What made the source MP4s you are using? Do any of them have variable frame rate? If so, those must be transcoded to constant framerate and replaced. Editing against variable frame-rate is not supported. I am not aware of any editor that supports that without first importing (i.e. transcode).
If not that, try converting the MP3 to WAV and replacing them.

Okay, thanks. The mp4s come from a couple of different sources, so I’ll have check to see if they have variable frame rate, and try using a wav file as well. I won’t have a chance to do that until later today, but I’ll post here whether or not that fixes the problem. Thanks for the quick response!

I thought I would follow up with what I’ve learned since yesterday. I checked and none of the mp4s had variable frame rates, although different files had different rates. The most common appeared to be 29.97 fps, so I did an ffmpeg batch convert of the ones that weren’t using that so that they would all be that frame rate. Unfortunately, that didn’t make a difference, nor did converting the soundtrack to wav. I also tried different interlacing modes, disabling parallel processing, etc., but none of that made a difference.

Eventually, though, I looked at the .mlt file and discovered that some of the properties were wrong, and in particular, that frame_rate_num was 60 and frame_rate_den was 1. I should have realized this earlier because every time I did an export the dialog box defaulted to the wrong values and I had to change them, but I haven’t been using the application for very long so I didn’t know what to expect.
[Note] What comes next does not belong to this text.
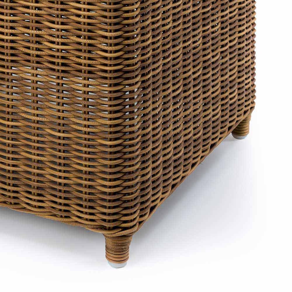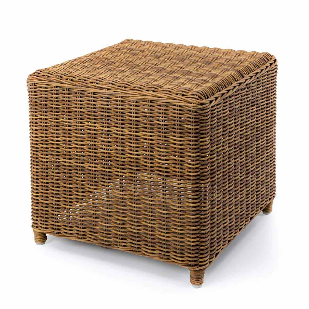 Čtvercový odkládací stolek z jemně tkaného syntetického ratanu, luxusní design.

I changed the frame_rate_num value to 29.97 and now the preview at least matches what was exported, with the video lagging the audio by a greater and greater amount during the four minute play time. I haven’t had a chance to do more than that, but I’m guessing that if I adjusted the timing and tried an export again, I would get the correct results. So now I’m trying to decide if I should try to move the clips within Shotcut, edit the .mlt file with a script or with an editor, or try something else such as reverting the frame_rate_num to 60 and trying to export that way.

In any case, I thought I would post an update in case anyone else runs into this problem in the future. Also, if you have suggestions for fixing the timing without re-doing everything by hand, let me know.

Thanks.

I changed the frame_rate_num value to 29.97

This should be an integer value only. frame_rate_num 30000, frame_rate_den 1001.

reverting the frame_rate_num to 60 and trying to export that way

That sounds like a quick and easy test to make.

I have put a large amount of work into A/V sync during the past 12 years of developing MLT - but it is a never-ending battle. I am not sure what is going wrong. At this point, if this were me and this was not my coding project, I would transcode all of the video clips to something more reliable with only I-frames such as DNxHD and replace them in the project.